What is the "good" (and why ?) solution to get a List from a Set and sorted against a given Comparator ?
views:
83answers:
5
+3
A:
Just construct it. The ArrayList has a constructor taking another Collection.
Set<Foo> set = new TreeSet<Foo>(new FooComparator<Foo>());
// Fill it.
List<Foo> list = new ArrayList<Foo>(set);
// Here's your list with items in the same order as the original set.
BalusC
2010-10-13 12:12:27
A:
This is how you get a List when you have a Set:
List list = new ArrayList(set);
Not sure what you expect to do with the Comparator. If the Set is sorted, the list will contain the elements in sorted order.
Michael Borgwardt
2010-10-13 12:12:29
Obviously he expects to use the comparator to get a sorted list, implying that the set is unsorted. What else would you use a comparator for? So he should either go via a sorted set or sort the list after populating it.
Christoffer Hammarström
2010-10-13 12:33:18
@Christoffer Hammarström - or sort it when/by inserting the elements one by one : insertion sort.
Ishtar
2010-10-13 12:39:40
@Ishtar: Which is what happens if you go via a sorted set, my first suggestion.
Christoffer Hammarström
2010-10-13 12:51:29
+1
A:
Set<Object> set = new HashSet<Object>();
// add stuff
List<Object> list = new ArrayList<Object>(set);
Tyler
2010-10-13 12:14:47
Wrong answer, this won't work as ArrayList constructor doesn't sort anything, you haven't even used your Comparator, so how will be it sorted? Use either Collections.sort() or TreeSet, as in other answers.
iirekm
2010-10-14 10:40:22
+1
A:
Either:
Set<X> sortedSet = new TreeSet<X>(comparator); ...
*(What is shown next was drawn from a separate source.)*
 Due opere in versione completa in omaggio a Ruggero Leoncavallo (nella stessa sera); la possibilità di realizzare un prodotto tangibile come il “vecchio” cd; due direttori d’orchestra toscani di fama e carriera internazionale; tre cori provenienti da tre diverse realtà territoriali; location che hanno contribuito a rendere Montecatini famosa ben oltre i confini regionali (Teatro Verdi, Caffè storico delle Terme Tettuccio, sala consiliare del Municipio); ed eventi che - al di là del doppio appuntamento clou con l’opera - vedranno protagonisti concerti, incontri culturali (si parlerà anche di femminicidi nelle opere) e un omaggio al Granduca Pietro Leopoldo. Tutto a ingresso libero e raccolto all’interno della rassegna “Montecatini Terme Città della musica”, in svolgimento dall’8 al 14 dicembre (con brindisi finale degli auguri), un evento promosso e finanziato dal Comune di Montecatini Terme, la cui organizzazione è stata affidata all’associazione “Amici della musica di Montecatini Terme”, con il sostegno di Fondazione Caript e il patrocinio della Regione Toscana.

List<X> list = new ArrayList<X>(sortedSet);
or:
Set<X> unsortedSet = new HashSet<X>(); ...
List<X> list = new ArrayList<X>(unsortedSet);
Collections.sort(list, comparator);
iirekm
2010-10-13 12:24:10
+1
A:
Assuming that you start with an unsorted set or a set sorted on a different order, the following is probably the most efficient assuming that you require a modifiable List.
Set<T> unsortedSet = ...
List<T> list = new ArrayList<T>(unsortedSet);
Collections.sort(list, comparator);
If an unmodifiable List is acceptable, then the following is a bit faster:
Set<T> unsortedSet = ...
T[] array = new T[unsortedSet.size()];
unsortedSet.toArray(array);
Arrays.sort(array, comparator);
List<T> list = Arrays.asList(array);
In the first version, Collections.sort(...) copies the list contents to an array, sorts the array, and copies the sorted elements back to the list. The second version is faster because it doesn't need to copy the sorted elements.
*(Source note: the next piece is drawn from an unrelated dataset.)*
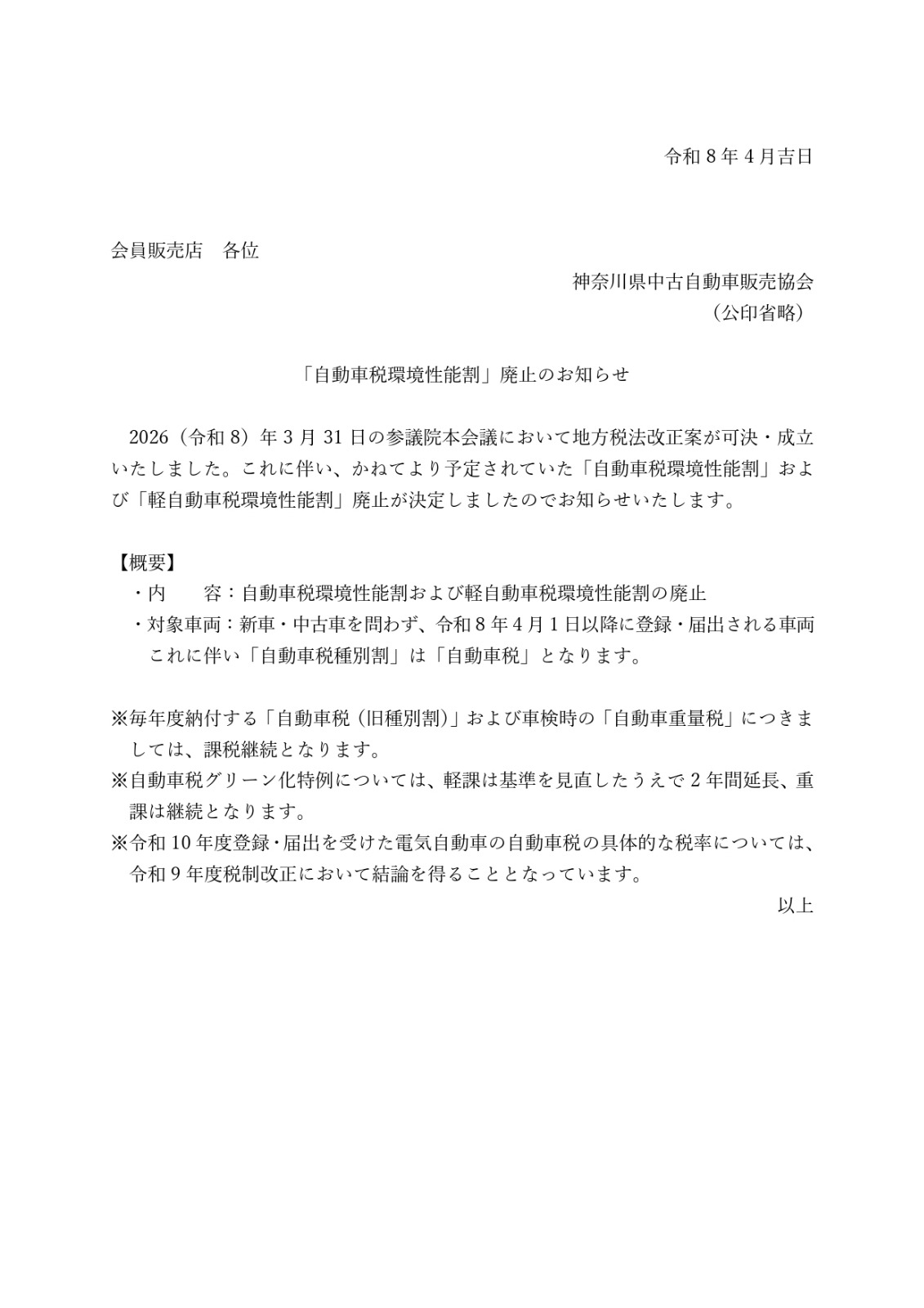 「自動車税環境性能割」廃止についてお知らせします。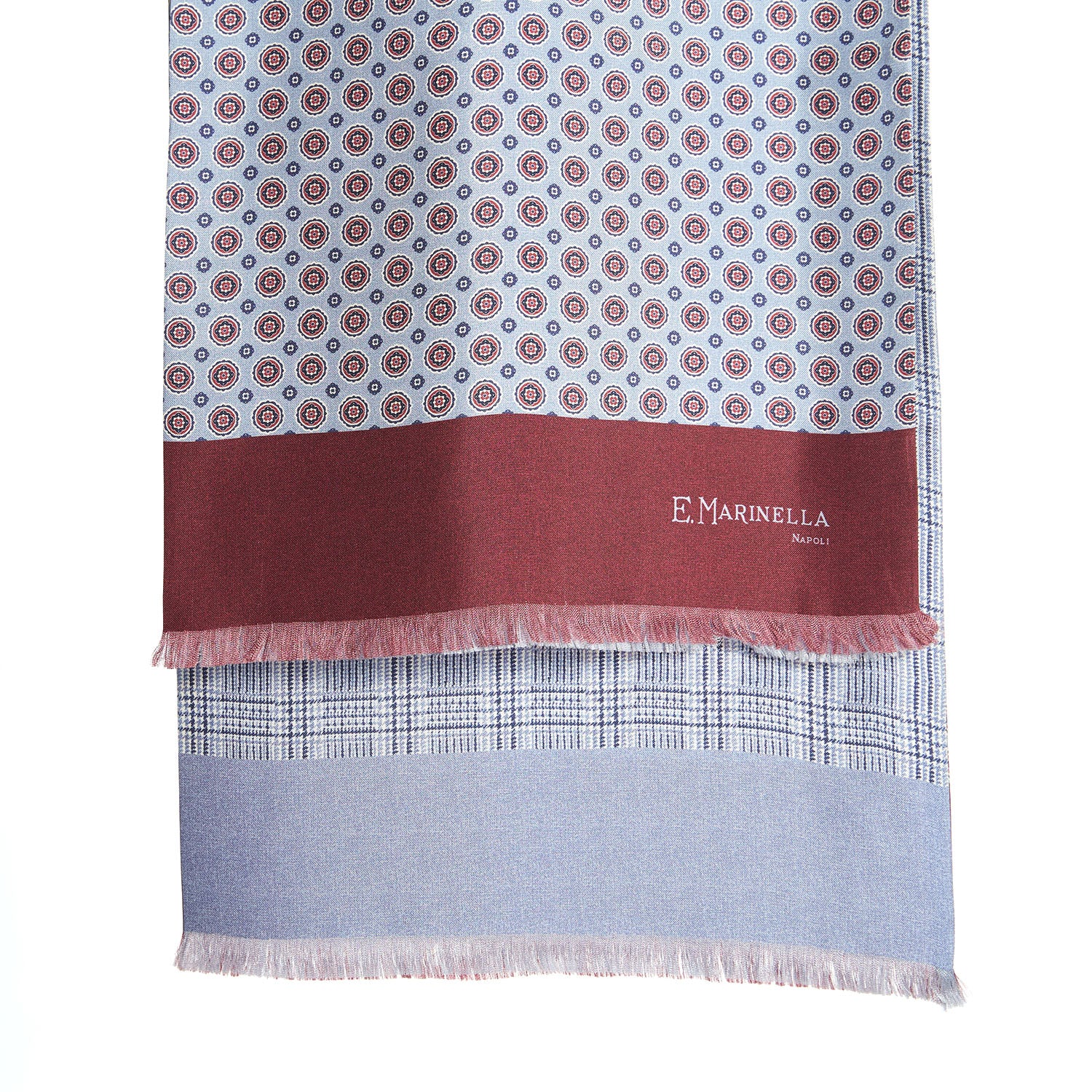 Raffinata sciarpa tubolare in twill di seta in versione double con due fantasie a contrasto per dare un tocco di originalità. Da un lato tinta unita, dall'altro con fantasia fiore e piccola frangia finale. Morbida, leggera ed elegante, da indossare tutti i giorni o, se abbinata in modo particolare, nelle occasioni speciali.

But to be honest the performance difference is probably not significant. Indeed, as the input set sizes get larger, the performance will be dominated by the O(NlogN) time to do the sorting. The copying steps are O(N) and will reduce in importance as N grows.
Stephen C
2010-10-13 13:26:34
Your version with Arrays.sort in fact doesn't optimize much (or even nothing), because Collections.sort() already contains similar code: Object[] a = list.toArray(); Arrays.sort(a, (Comparator)c); ListIterator i = list.listIterator(); for (int j=0; j<a.length; j++) { i.next(); i.set(a[j]); }
iirekm
2010-10-14 10:46:51
@iirekm - using `Arrays.asList(array)` avoids the copying performed using the list iterator.
Stephen C
2010-10-14 11:36:23
@iirekm - yes. But as I mentioned, as N gets really large, the cost of sorting dominates the cost of copying.
Stephen C
2010-10-15 11:52:01